11/01/2006 01:09:38 AM · #7
Originally posted by Bear_Music:

Originally posted by crayon:

err... what's wrong with the 2 pics you posted?


Both shots show people. The challenge description was:

Your challenge this week is deceptively simple: photograph a sporting venue after the game is over and the players and people have gone home :-)


I'm guilty as charged - I didn't notice anything wrong until you pointed out the obvious! OMG...

UPDATE: but reading the description again, it doesn't mean that ALL the players and people have left the place. I think some people may have interpreted that the shot should be taken after people have started to leave the place. Just a thought

Message edited by author 2006-11-01 01:11:12.
11/01/2006 01:12:16 AM · #8
I agree with DV. The challenge was to try to take an interesting and compelling shot without needing to include a person to do it. That specific exclusion of people in the challenge description made it much harder but some managed it very well.
I just don't understand how a picture that DNMC can score a perfect 10. What's the point of having challenge descriptions then?
Don't get me wrong, I think those were two great shots, and I would have scored them highly in a challenge that they fit. :)

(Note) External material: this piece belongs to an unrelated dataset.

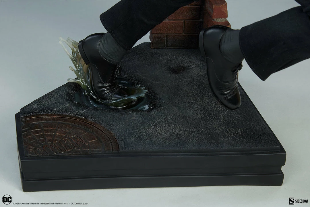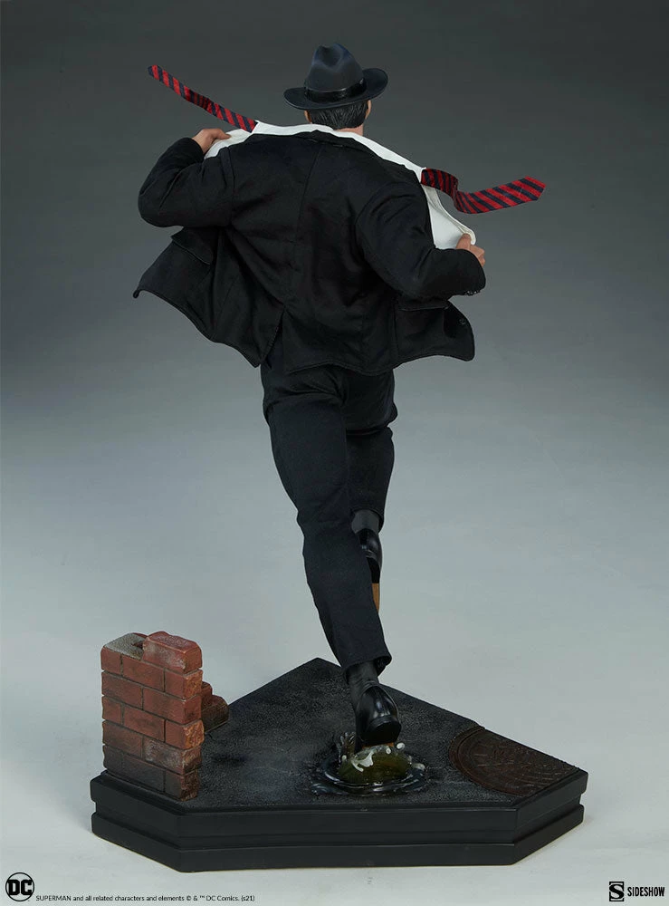 The Superman: Call to Action Premium Format™ Figure measures 19.5” tall as Clark Kent sheds his civilian disguise to become Superman, running through a Metropolis alley as he answers his city’s cry for help. This inspiring and dynamic DC Comics collectible captures both sides of the Kryptonian’s truly heroic self, as both a mild-mannered reporter and the Man of Steel.

Message edited by author 2006-11-01 01:13:21.
11/01/2006 01:13:13 AM · #9
those two shots in particular, and others with people, didn't bother me. like crayon pointed out, even though there are people in the picture, it is more than obvious that everyone (meaning the the general populace) has left the building (or field).

11/01/2006 01:16:30 AM · #10
Originally posted by crayon:

reading the description again, it doesn't mean that ALL the players and people have left the place.


If you haven't already, I'd encourage you to pursue a career in legal defense.
11/01/2006 01:19:10 AM · #11
Originally posted by routerguy666:

Originally posted by crayon:

reading the description again, it doesn't mean that ALL the players and people have left the place.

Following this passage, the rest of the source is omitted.